U.K. Internet Provider TalkTalk Hit by Cyberattack
The London Metropolitan Police Cyber Crime Unit launched a criminal investigation following the cyberattack, which was characterized by TalkTalk as “significant and sustained.”
London-based TalkTalk’s CEO Dido Harding was contacted by someone claiming to be responsible for the attack who was seeking payment, the company said. However, as of today, it still wasn’t clear whether the group that had contacted TalkTalk was responsible for the breach or whether their ransom demands were credible.
Some Data Unencrypted
TalkTalk didn’t say how much ransom the hackers demanded. TalkTalk is in the process of contacting its customers directly with details of the attack, as well as putting up an informational Web page. The company shut down its site as soon as it found out that it was under attack. TalkTalk also acknowledged the possibility that data regarding its former customers might have been compromised.
The company said that since Wednesday it has carried out a thorough review of the site with the help of cybercrime specialists and taken measures to secure it.
The data that might have been compromised included names, birth dates, e-mail addresses, phone numbers and bank account details of its 4 million customers, TalkTalk said. The London police cybercrime unit has just started investigating the alleged theft of the data, not all of which was encrypted. No arrests have been made in the case.
TalkTalk also contacted major banks in its service area, which are monitoring the accounts of the company’s customers for suspicious activity. While hackers couldn’t take money from a TalkTalk customer’s bank account, they could use personal data for identity fraud. TalkTalk is offering a year’s free credit monitoring for all its customers and will be contacting customers with the details. It also suggested that all customers change their passwords to the company’s Web site once it’s back online.
Not the First
Wednesday’s attack isn’t the first time TalkTalk has been targeted.
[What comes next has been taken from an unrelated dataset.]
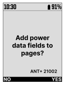 2. 파워미터 정보가 와후 장치의 데이터 디스플레이 화면(Data Field)에 표시되도록 설정을 구성 하십시오

Earlier this year, the company confirmed that a hack in late 2014 resulted in stolen names, addresses, phone numbers, and customer account numbers. European officials are planning regulations that would force any company affected by a data breach to inform privacy regulators within three days or potentially face fines.
Two months ago, British mobile phone retailer Carphone Warehouse detected a breach that may have leaked personal details of more than 2 million customers. T-Mobile, Dixons Carphone, and Sony Corp. have also been high-profile targets of cyberattacks in the past year.
TalkTalk provides TV, phone, Internet and mobile services to consumers and businesses in the U.K. The company had sales of 1.8 billion pounds (about $ 2.8 billion) in its past fiscal year. Shares of the company’s stock fell on the British exchange by as much as 11 percent as news of the attack spread.